Diane nodded. “Yeah, I can see that. But your nana wanted this, and I love my job. I can’t leave. For the first time in my life, I have roots. I know you can’t understand this at your age, but it’s very hard to start over when you’re older. I’ve longed my whole life for stability, and I have it now because I’m sober.”
“So you’re telling the truth about that?”
She smiled. “I am. I work very hard at it every day, but I’ve been sober for several years now.”
“I don’t think Mom believes you.”
“She doesn’t. And she has every right not to believe me. I’ve let her down more times than I can count. I was a horrible mother to her.”
“Maybe it’s too late for you to fix this,” Kendra said.
“I hope not, but all I can do is try.”
* * *
Josie stomped down the sidewalk toward Joe Strand’s house. She knew his office was closed today, but that didn’t stop her from hunting him down like a drug-sniffing beagle.
It’d been years since she’d seen his house, and she had almost walked up to the wrong front door.
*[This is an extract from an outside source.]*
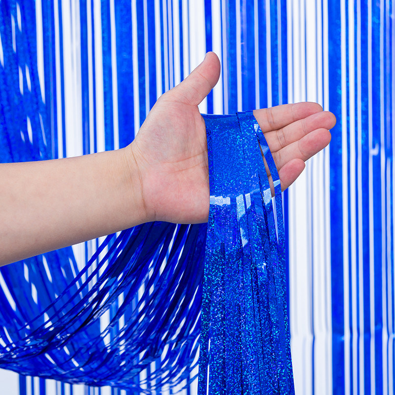 این یک پس زمینه عالی برای غرفه های عکاسی، میز های دسر و طرح های صحنه است.پرده باران لیزر طراحی شده است برای ایجاد یک فضای منحصر به فرد برای رویداد خود را و برای تنظیمات داخلی و خارجی مناسب است. پرده فرنگ لیزر فویل آسان برای نصب و می تواند به هر طول یا عرض برای متناسب با فضای مورد نظر خود را برش داده شود.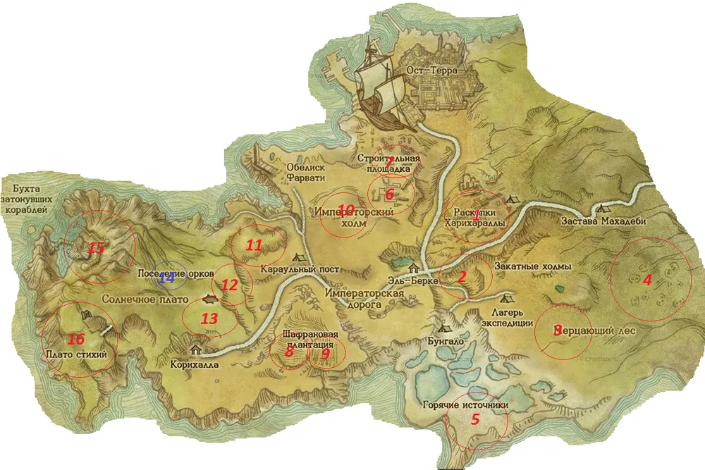 Точка 14: Шаман Тадес - мини босс время респа 3 минуты. С него выпадает предмет который даёт скрытый отмечаемый квест, за который в качестве награды вы получаете слезу Нуи. Выполняется только один раз. В будущем после отмены слез, вероятно будут давать дельфийские звезды. Босс для достаточно трудный для фарма в соло, лучше прийти с другом тем более что итем падает всем сразу.

Finally, she found the house and knew it was his by the “Strand” sign near the front door.
It was a small house compared to Nana’s, but it was cute with its white picket fence and newly bloomed azalea bushes surrounding the pathway to the front door.
She knocked on the door and waited. A few moments later, Joe opened it, surprise on his face.
“Josie?” He looked like he’d been sleeping, which was odd given that it was after nine in the morning.
“We need to talk.”
“Darlin’, today is my day off. Can we schedule a time tomorrow?”
“No.”
He sighed and unlatched the screen door before walking out onto the porch wearing a pair of plaid pajama pants and a ratty old T-shirt.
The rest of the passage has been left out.